The output is the line containing "The Daily Bruin" plus every later line down to the end of the listing below, copied exactly. No pictures belong in it.

⟨

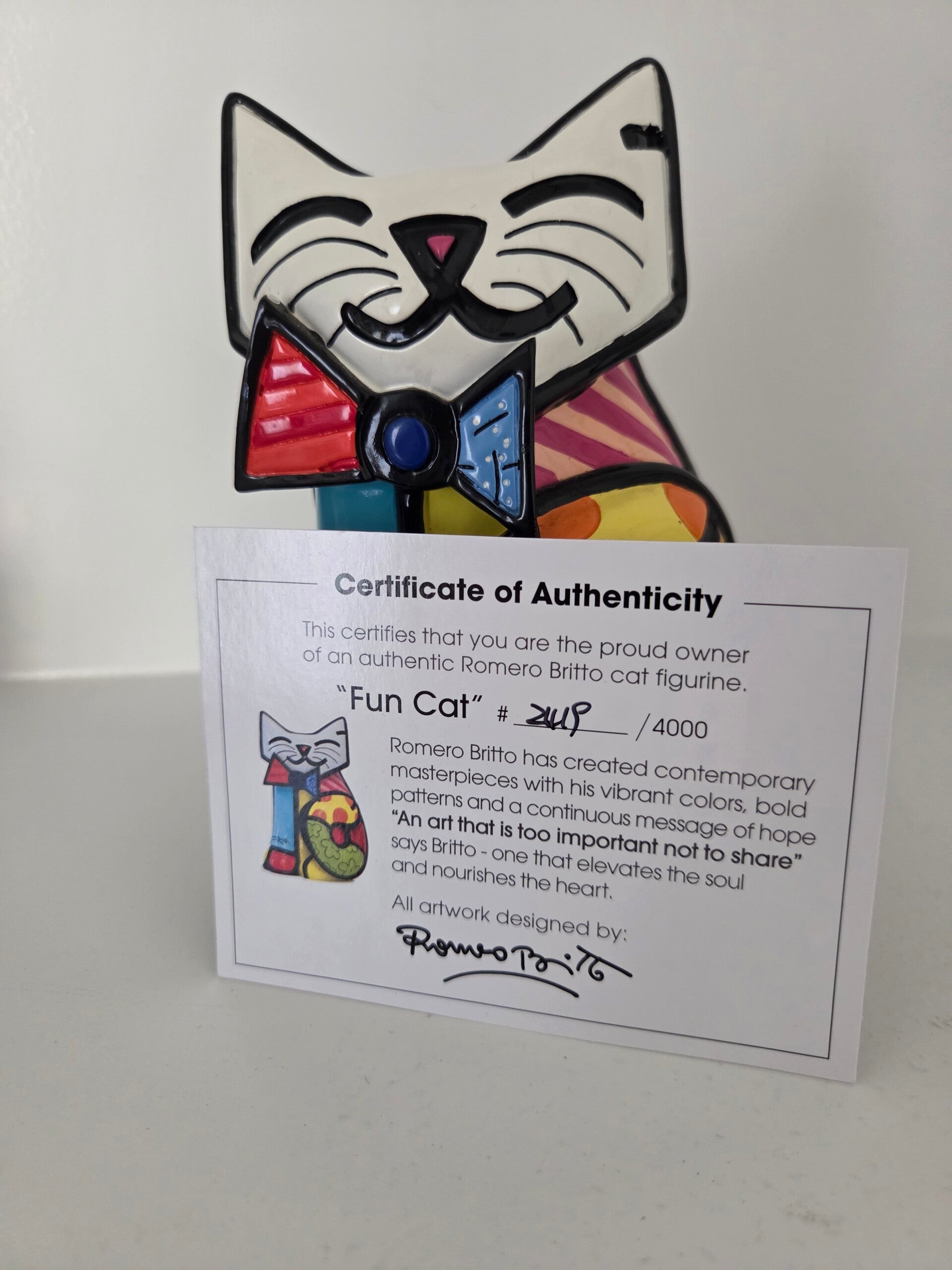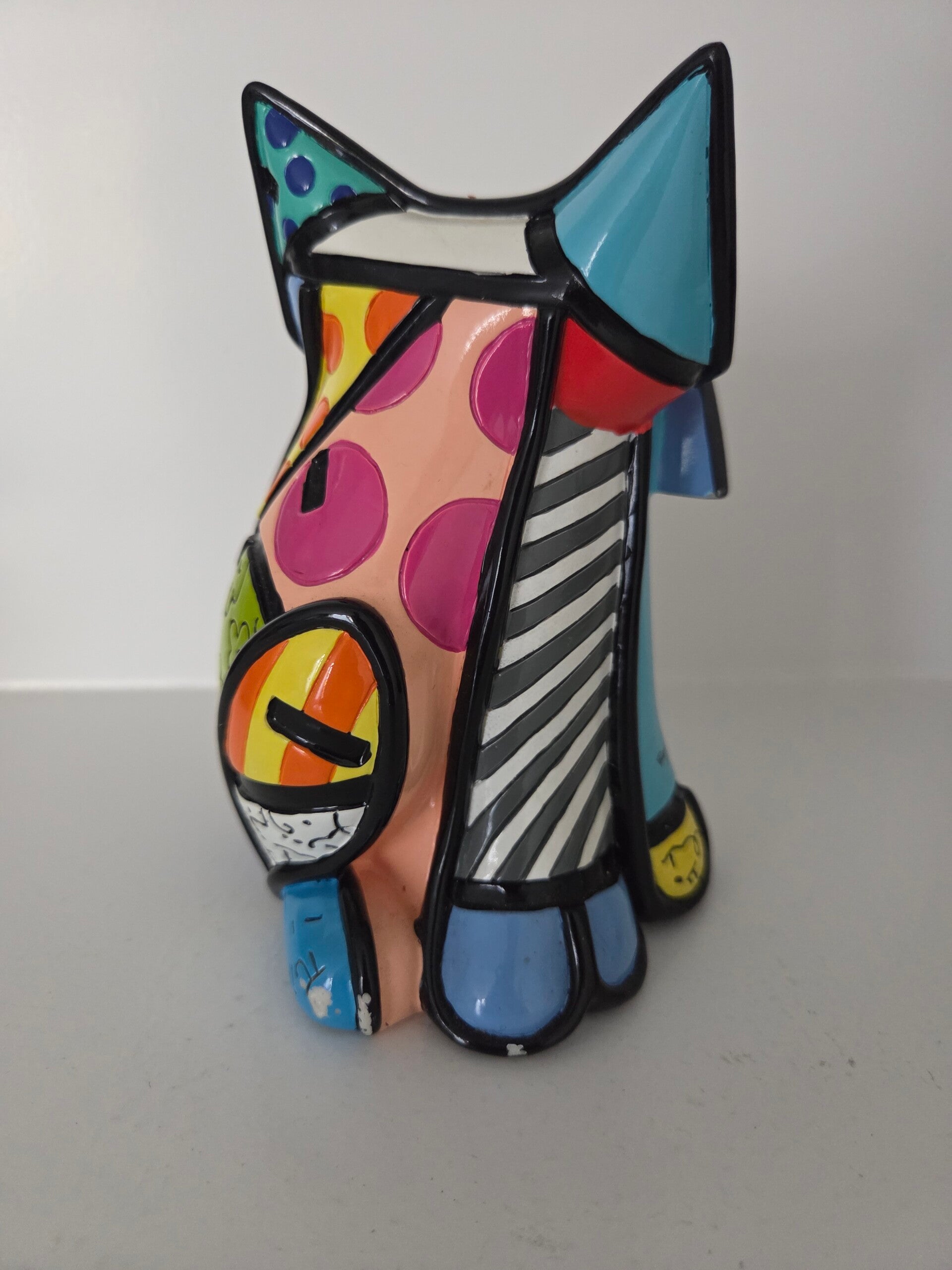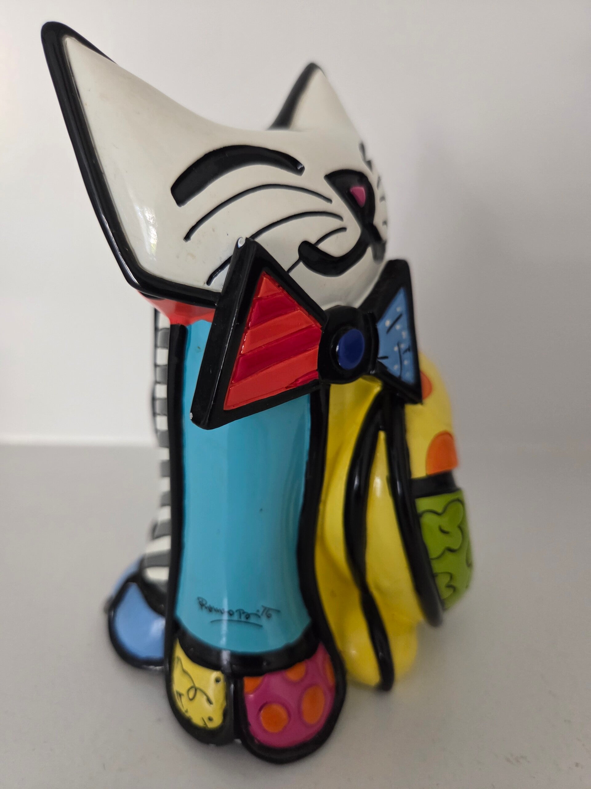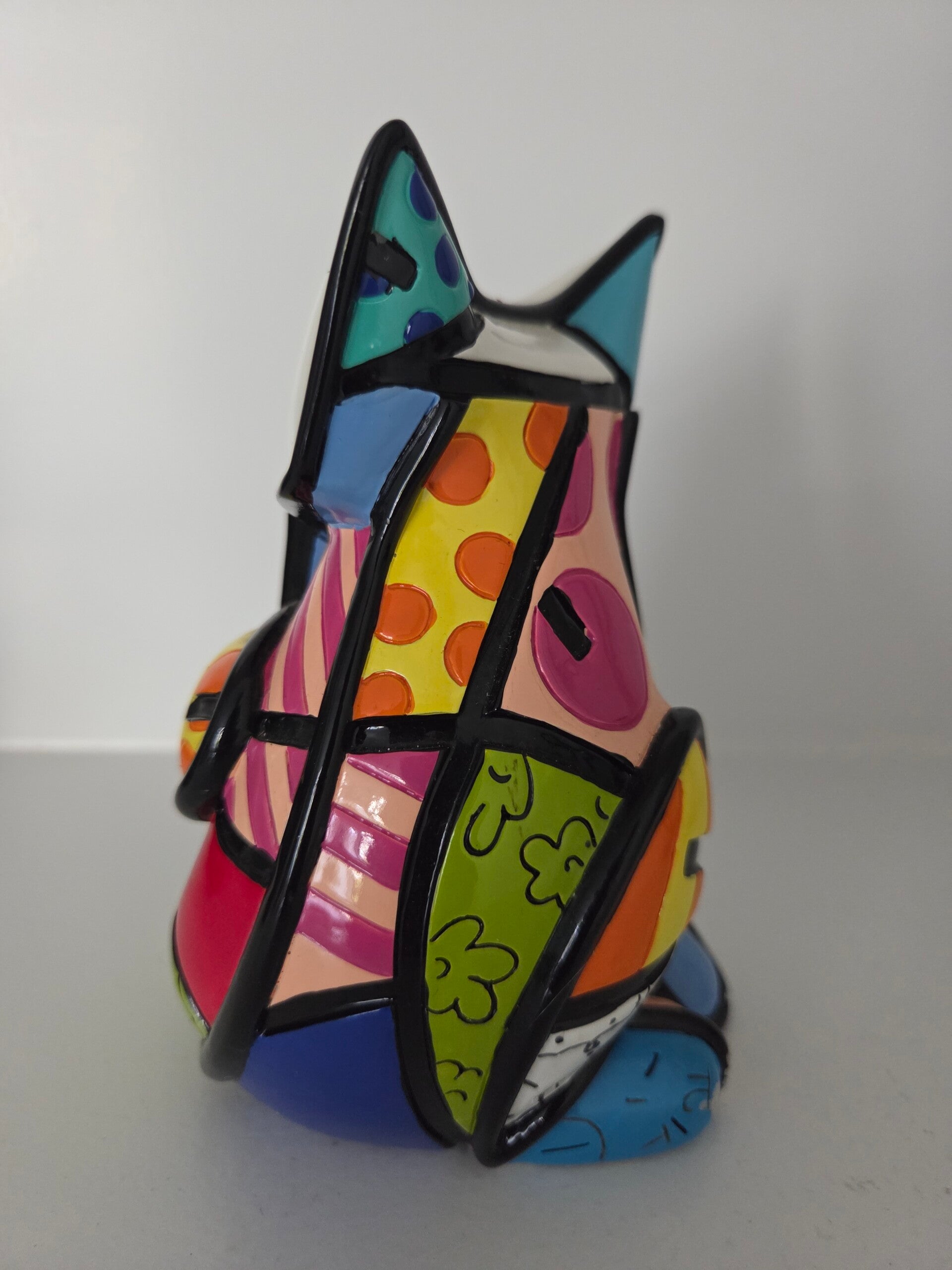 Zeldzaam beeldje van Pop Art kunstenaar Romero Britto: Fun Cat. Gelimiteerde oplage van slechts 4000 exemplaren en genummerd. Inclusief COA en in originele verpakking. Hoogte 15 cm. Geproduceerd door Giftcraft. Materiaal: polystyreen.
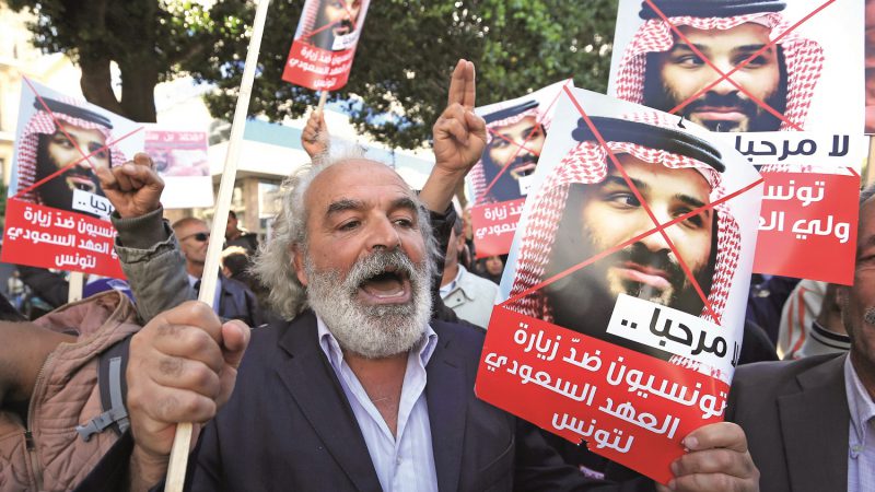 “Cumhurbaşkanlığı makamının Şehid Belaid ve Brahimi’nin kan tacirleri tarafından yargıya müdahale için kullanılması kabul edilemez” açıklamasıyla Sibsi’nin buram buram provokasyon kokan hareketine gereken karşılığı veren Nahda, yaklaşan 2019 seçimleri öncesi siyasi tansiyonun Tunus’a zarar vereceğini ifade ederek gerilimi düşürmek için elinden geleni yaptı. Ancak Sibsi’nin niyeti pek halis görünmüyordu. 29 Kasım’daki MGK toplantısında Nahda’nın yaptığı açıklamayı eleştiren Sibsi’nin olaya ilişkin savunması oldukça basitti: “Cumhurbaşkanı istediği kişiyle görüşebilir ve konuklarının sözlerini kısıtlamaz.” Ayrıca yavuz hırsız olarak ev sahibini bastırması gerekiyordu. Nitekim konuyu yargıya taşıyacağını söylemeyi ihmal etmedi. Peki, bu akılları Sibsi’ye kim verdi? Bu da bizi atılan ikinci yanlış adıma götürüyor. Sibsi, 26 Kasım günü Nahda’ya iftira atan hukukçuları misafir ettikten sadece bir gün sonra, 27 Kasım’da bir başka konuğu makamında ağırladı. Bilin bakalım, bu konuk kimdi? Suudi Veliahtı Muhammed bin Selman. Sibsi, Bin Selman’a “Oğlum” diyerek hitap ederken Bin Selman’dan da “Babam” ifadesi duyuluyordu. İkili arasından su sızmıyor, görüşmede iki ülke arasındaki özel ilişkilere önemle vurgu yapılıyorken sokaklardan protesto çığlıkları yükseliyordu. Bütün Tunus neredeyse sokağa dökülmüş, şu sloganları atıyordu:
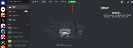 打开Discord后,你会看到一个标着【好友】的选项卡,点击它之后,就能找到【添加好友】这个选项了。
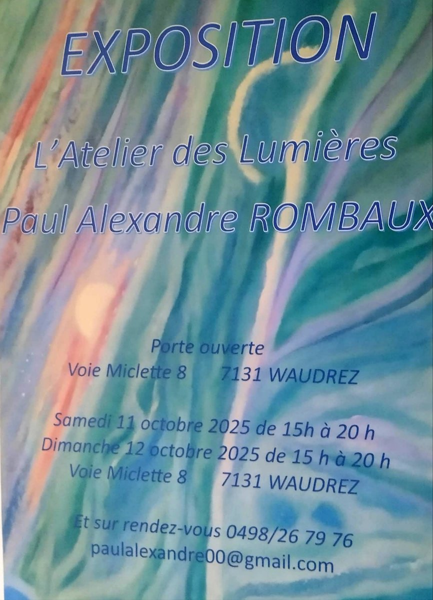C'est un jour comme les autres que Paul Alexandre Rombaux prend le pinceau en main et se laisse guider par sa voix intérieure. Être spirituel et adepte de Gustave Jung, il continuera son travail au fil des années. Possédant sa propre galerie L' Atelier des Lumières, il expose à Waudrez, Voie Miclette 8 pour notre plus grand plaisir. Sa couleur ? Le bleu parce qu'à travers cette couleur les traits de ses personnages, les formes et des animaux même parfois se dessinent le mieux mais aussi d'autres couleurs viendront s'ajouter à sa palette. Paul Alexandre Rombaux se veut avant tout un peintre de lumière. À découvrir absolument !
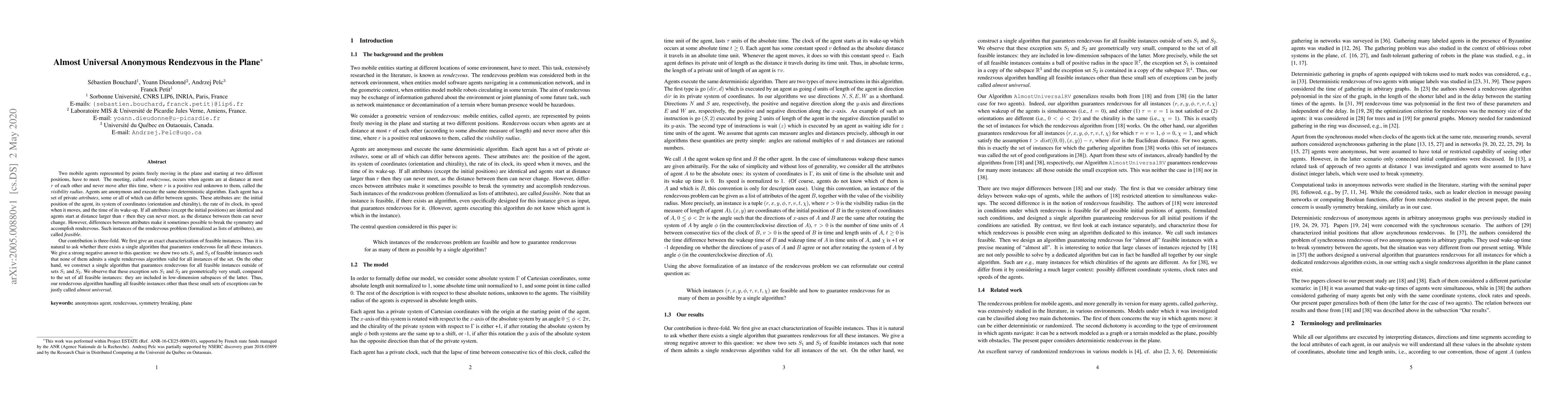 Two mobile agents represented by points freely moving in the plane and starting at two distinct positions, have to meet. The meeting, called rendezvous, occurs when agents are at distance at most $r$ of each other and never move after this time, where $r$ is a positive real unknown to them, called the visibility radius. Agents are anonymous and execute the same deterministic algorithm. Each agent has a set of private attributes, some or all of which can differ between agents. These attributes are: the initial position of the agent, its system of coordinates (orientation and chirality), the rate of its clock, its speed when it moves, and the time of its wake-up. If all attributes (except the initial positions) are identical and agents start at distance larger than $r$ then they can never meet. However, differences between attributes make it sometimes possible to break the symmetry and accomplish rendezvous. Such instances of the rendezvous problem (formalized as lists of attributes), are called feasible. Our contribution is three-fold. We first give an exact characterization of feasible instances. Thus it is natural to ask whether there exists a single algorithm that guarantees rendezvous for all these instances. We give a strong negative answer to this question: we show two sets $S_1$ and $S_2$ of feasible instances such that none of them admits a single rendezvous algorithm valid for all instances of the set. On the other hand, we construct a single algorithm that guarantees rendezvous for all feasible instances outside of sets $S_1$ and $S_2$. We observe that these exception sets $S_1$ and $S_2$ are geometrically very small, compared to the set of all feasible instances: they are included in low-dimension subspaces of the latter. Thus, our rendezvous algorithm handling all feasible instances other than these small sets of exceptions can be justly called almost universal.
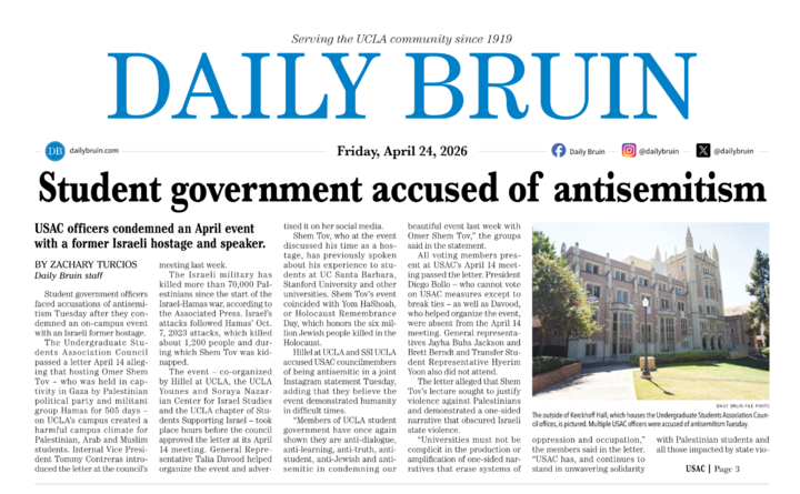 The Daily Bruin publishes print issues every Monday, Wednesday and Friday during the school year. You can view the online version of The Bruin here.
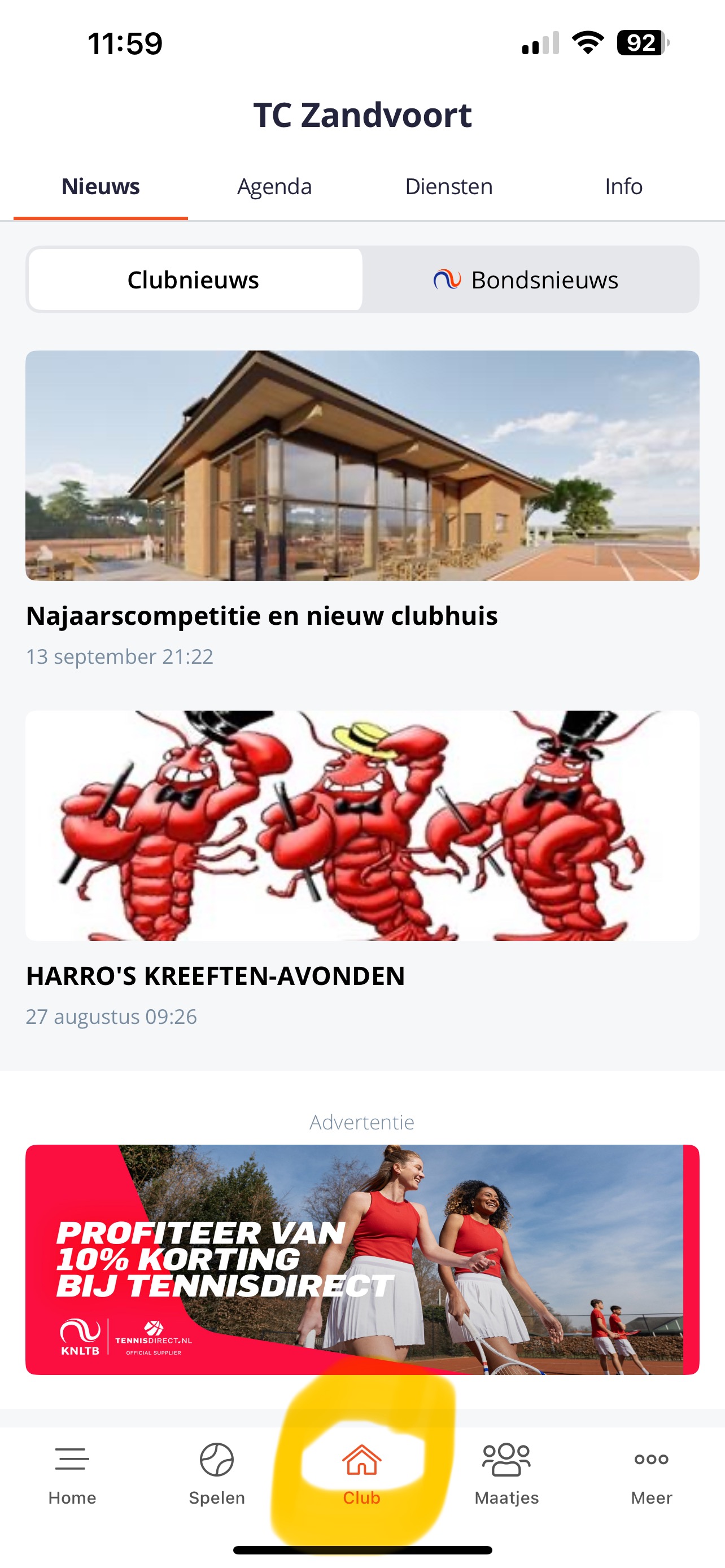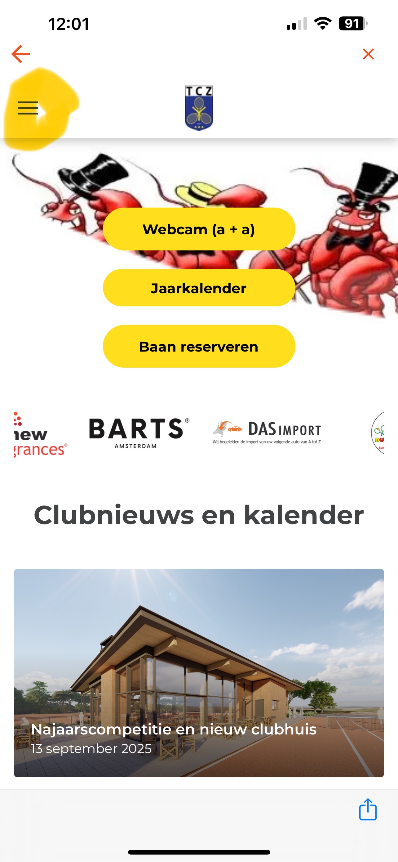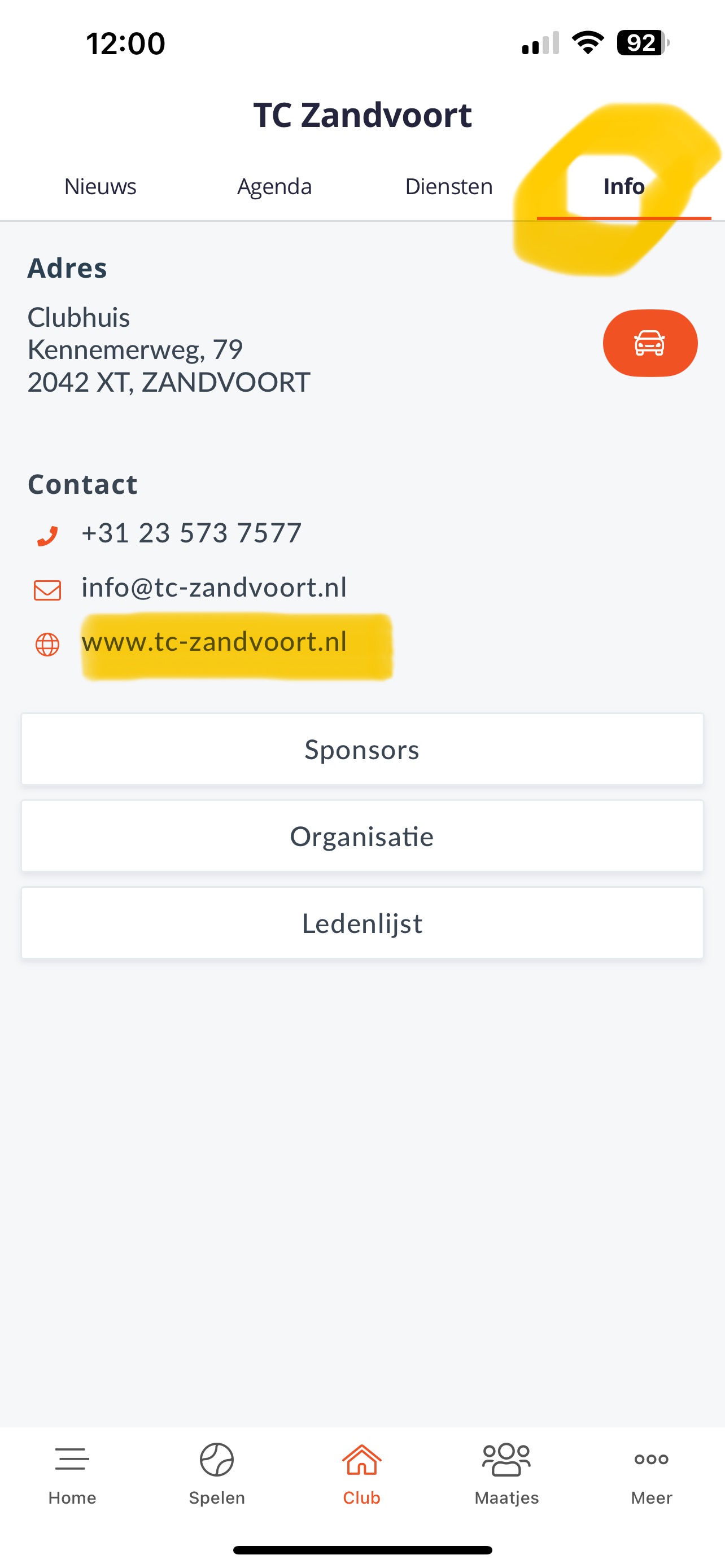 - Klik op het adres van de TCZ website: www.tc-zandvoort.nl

⟩

TASK SOLUTION —
 The Daily Bruin publishes print issues every Monday, Wednesday and Friday during the school year. You can view the online version of The Bruin here.
 - Klik op het adres van de TCZ website: www.tc-zandvoort.nl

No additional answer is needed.